* Task *
Below are the entries. Transcribe exactly the lines from the one with "亞馬遜在公告中提到,F(xi" through the one with "This bunkhouse sleeps", ends included, and leave out all others.

* Input material *
□ □ □ □ □

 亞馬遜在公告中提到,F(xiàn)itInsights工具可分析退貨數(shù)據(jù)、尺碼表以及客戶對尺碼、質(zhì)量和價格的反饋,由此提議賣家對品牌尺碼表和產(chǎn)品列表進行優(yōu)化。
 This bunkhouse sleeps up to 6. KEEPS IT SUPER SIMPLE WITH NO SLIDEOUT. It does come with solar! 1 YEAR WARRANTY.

□ □ □ □ □

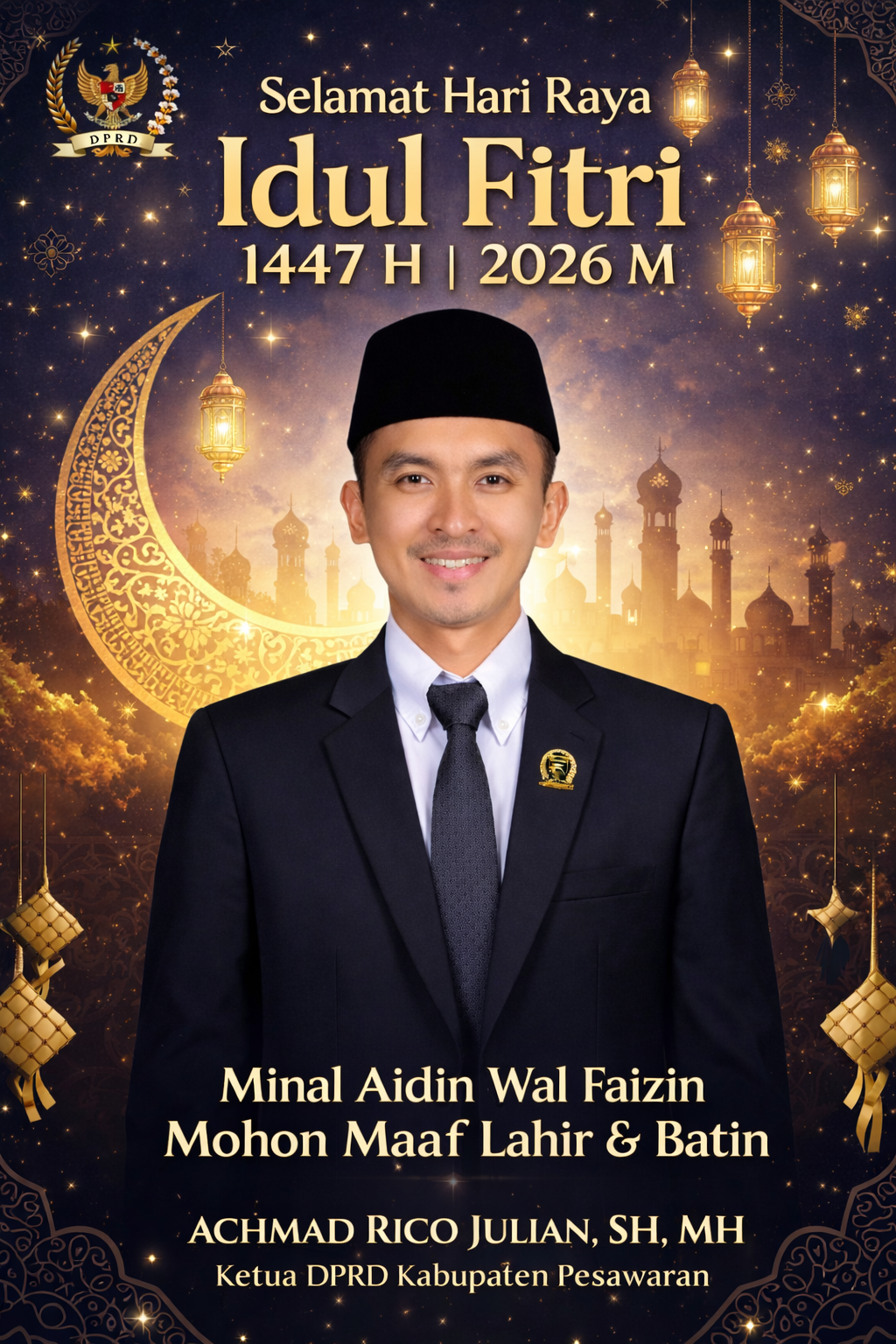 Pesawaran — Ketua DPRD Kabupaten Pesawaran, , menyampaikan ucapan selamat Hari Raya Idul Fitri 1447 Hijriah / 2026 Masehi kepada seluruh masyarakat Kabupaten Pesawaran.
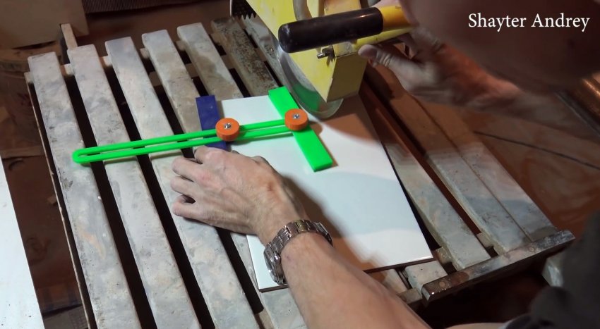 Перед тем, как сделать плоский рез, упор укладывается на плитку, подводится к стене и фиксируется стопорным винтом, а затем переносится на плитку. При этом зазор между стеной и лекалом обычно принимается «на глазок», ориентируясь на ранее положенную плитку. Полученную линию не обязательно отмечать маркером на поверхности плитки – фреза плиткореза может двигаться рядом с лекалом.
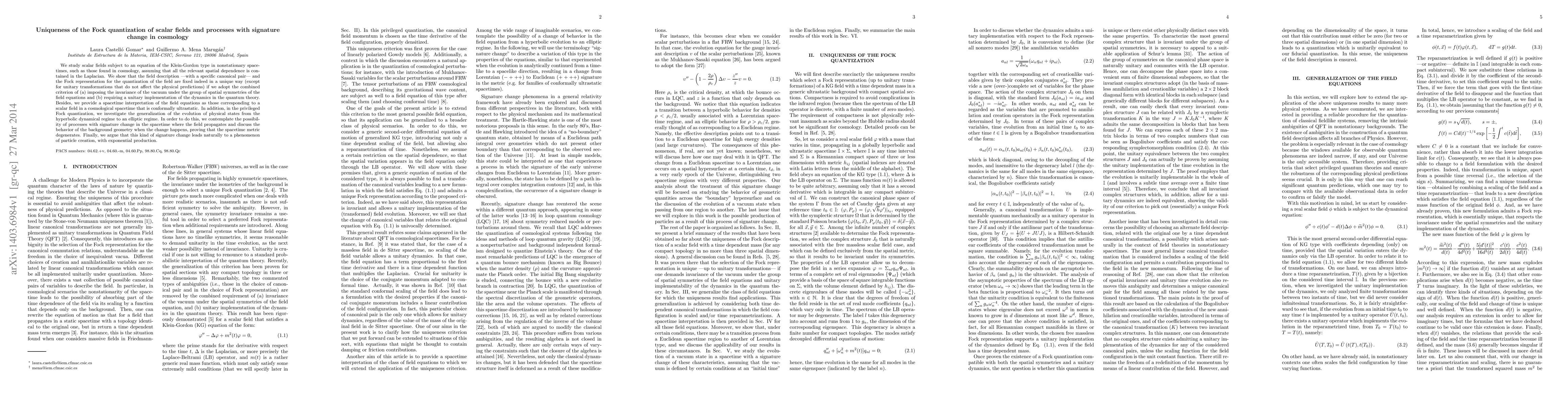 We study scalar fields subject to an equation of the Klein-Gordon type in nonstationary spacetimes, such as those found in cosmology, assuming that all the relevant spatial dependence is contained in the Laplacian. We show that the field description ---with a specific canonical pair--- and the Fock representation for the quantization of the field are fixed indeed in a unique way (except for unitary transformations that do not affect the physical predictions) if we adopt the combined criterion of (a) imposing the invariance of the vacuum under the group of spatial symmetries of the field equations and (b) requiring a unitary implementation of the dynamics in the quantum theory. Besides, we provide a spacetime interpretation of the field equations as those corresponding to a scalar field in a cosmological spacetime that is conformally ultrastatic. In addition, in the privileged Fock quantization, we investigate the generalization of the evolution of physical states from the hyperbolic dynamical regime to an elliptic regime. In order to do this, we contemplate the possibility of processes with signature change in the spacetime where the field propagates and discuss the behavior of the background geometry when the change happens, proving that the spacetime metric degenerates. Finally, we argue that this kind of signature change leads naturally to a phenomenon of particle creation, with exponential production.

□ □ □ □ □

* Answer space *
 亞馬遜在公告中提到,F(xiàn)itInsights工具可分析退貨數(shù)據(jù)、尺碼表以及客戶對尺碼、質(zhì)量和價格的反饋,由此提議賣家對品牌尺碼表和產(chǎn)品列表進行優(yōu)化。
 This bunkhouse sleeps up to 6. KEEPS IT SUPER SIMPLE WITH NO SLIDEOUT. It does come with solar! 1 YEAR WARRANTY.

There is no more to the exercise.